Vulin has known Galis for the best part of two decades and trusts him as his primary supplier of black winter truffles and Provence asparagus. At his farm down in the south of France (somewhere between hectares upon hectares of petit oak trees (many of them smaller than two meters) shade the rich bounty hidden in the earth below—as Vulin makes his way down the rows, following Gina’s excited tail wagging, Galis explains what to look out for. A telltale crack in the soil indicates the presence of the truffles as they swell, taking in the moisture and nutrients from the surrounding earth, he tells us. Gina barks excitedly and is rewarded with a treat, and Vulin gets to work, kneeling down to gently break the soil with his hands to reveal a small, juvenile truffle—it is only autumn, and it has some way to go yet until it reaches its prime come winter.
“We struggled to follow [the dogs] as they move so quickly, sniffing here and there,” laughs Vulin. “You can be sure that when they start scratching at the ground that there is a 99% chance that there will be a truffle below. Dig in, and straight away you will have that smell that surrounds you.” To Vulin, the scent of the truffle and the undergrowth brings back some of his fondest childhood memories—perhaps, this is one reason why he insists on trying the product at its source, before bringing it to the dining table at The Tasting Room.

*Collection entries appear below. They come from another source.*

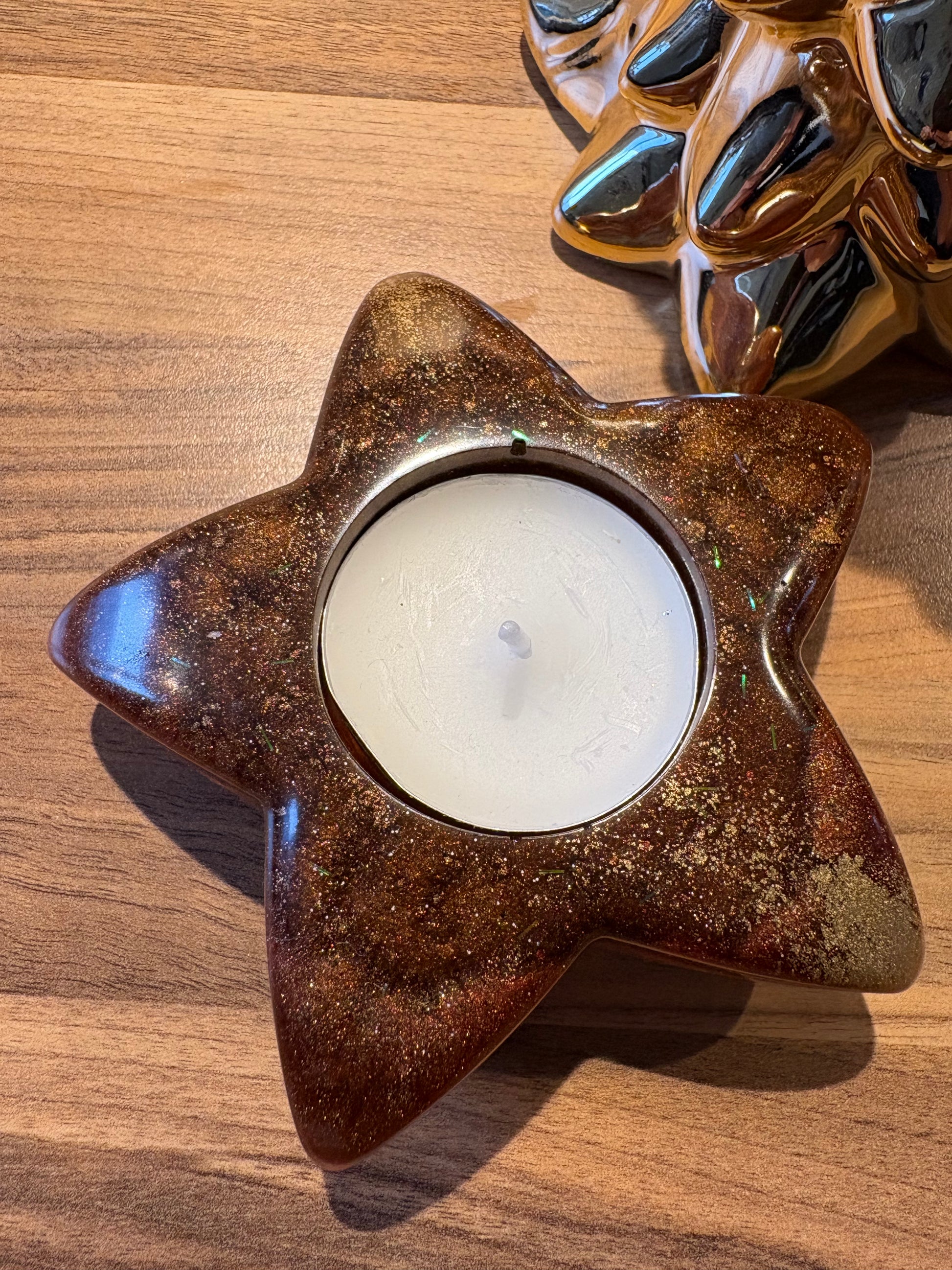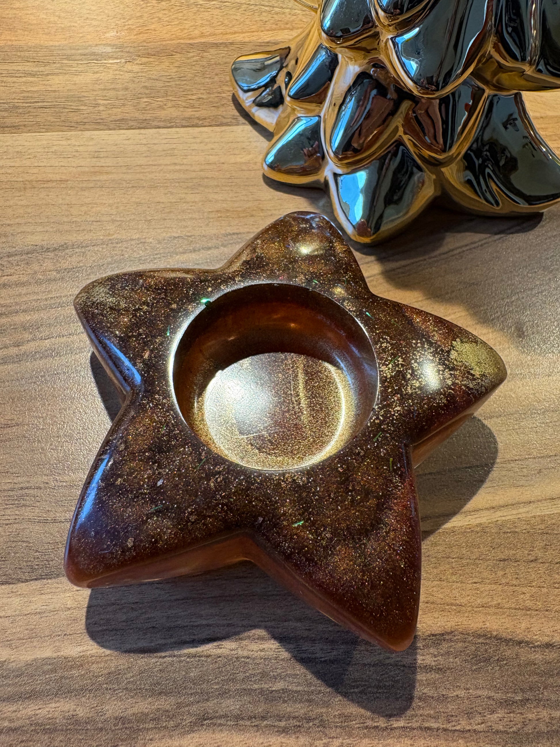 Bougeoir en forme d’étoile pour une bougie chauffe-plat dans les tons brun et doré .
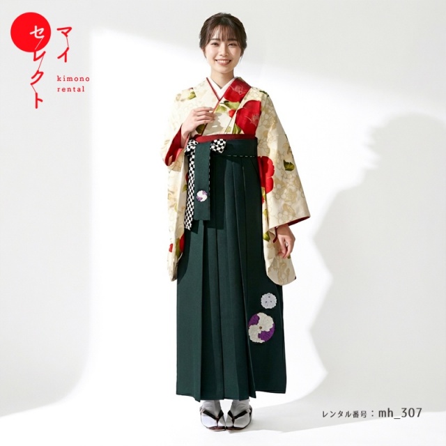| 付属品 | 着物・袴・長襦袢(半衿付き)・半幅帯・伊達衿・巾着・草履・足袋(プレゼント)・肌襦袢(ワンピースタイプ)・腰紐4本・コーリンベルト・前板・伊達締め2本・衿芯 ※ブーツは付属されませんが、当店の有料オプションからレンタル可能です。 ※ブーツをご利用される場合、草履・足袋は付属されません。 |
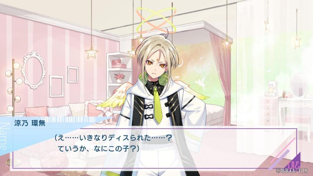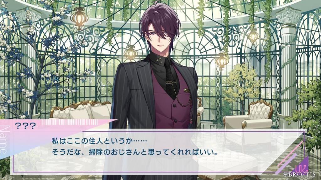 The next day, as Kanna is searching for bugs, she meets a mysterious man who pulls her into a bugged area then to his own room. He isn’t upfront about his identity or role here, but asks Kanna to be kind to Miyabi. This guy is also voiced by Okitsu Kazuyuki so we know he’s going to be a big deal in the plot later on. [How many famous otome seiyuu are we going to hire in this game? Broccoli: yes]
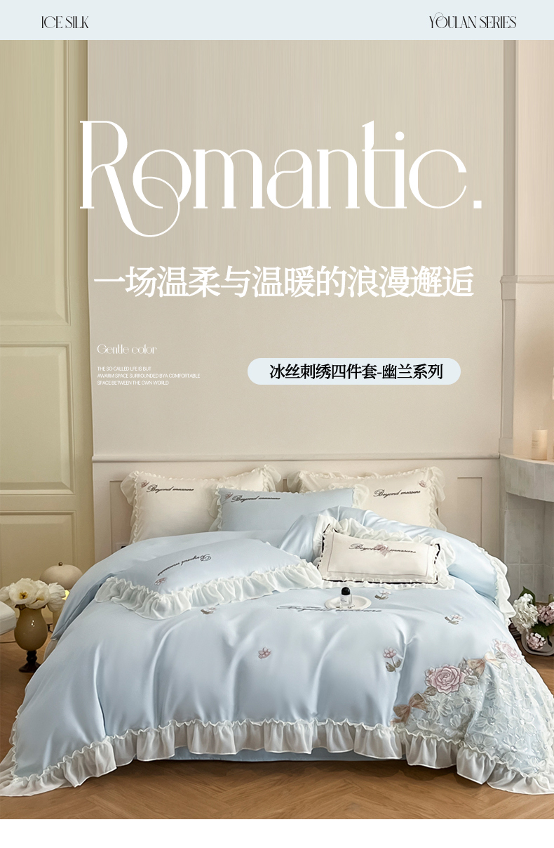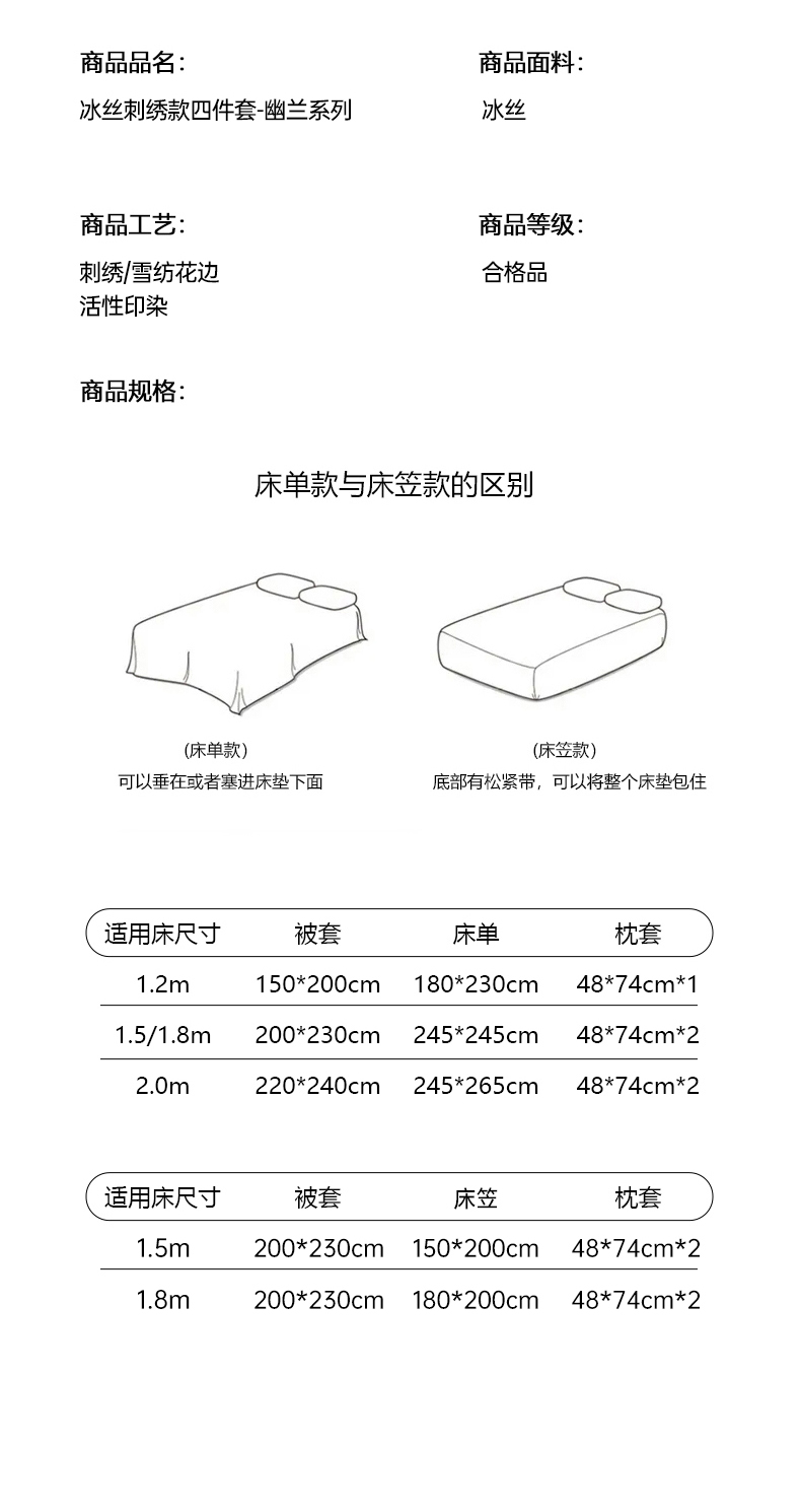 (总)七七家纺 2025新款冰丝刺绣款四件套幽兰系列,幽兰白,幽兰粉,幽兰灰,幽兰蓝,幽兰紫

While items such as truffle and caviar are used as luxurious garnishes for his signature creations, to Vulin their sourcing is as important as that of the primary ingredient. For most of the dishes utilising caviar at The Tasting Room, Vulin insists on Kaviari—a slick, family-run operation was one of the first in the world to adopt eco-conscious production methods while maintaining high quality caviar products. They are involved every step of the way, from assessing the quality of the water to the harvesting of the eggs alongside fish farmers. The eggs are then matured in the Kaviari labs by a caviar master, whose role is not unlike that of a cellar master.
Over brunch at Kaviari headquarters in Paris with executive director Karin Nebot, Vulin tasted several varieties; at The Tasting Room, he works primarily with the Kristal caviar, sourced from China’s Thousand Lakes district.“This is an amazing caviar with large grains, a buttery hazelnut taste, and a great texture,” he explains. “It is also very easy to work with. This is what you will find on almost all my recipes that involve caviar.”
For Vulin, everything is tasted and trusted, completing the journey of an ingredient from the source to the table. Perhaps, this is the real definition of luxury, which extends beyond the prestige and pedigree of the products themselves.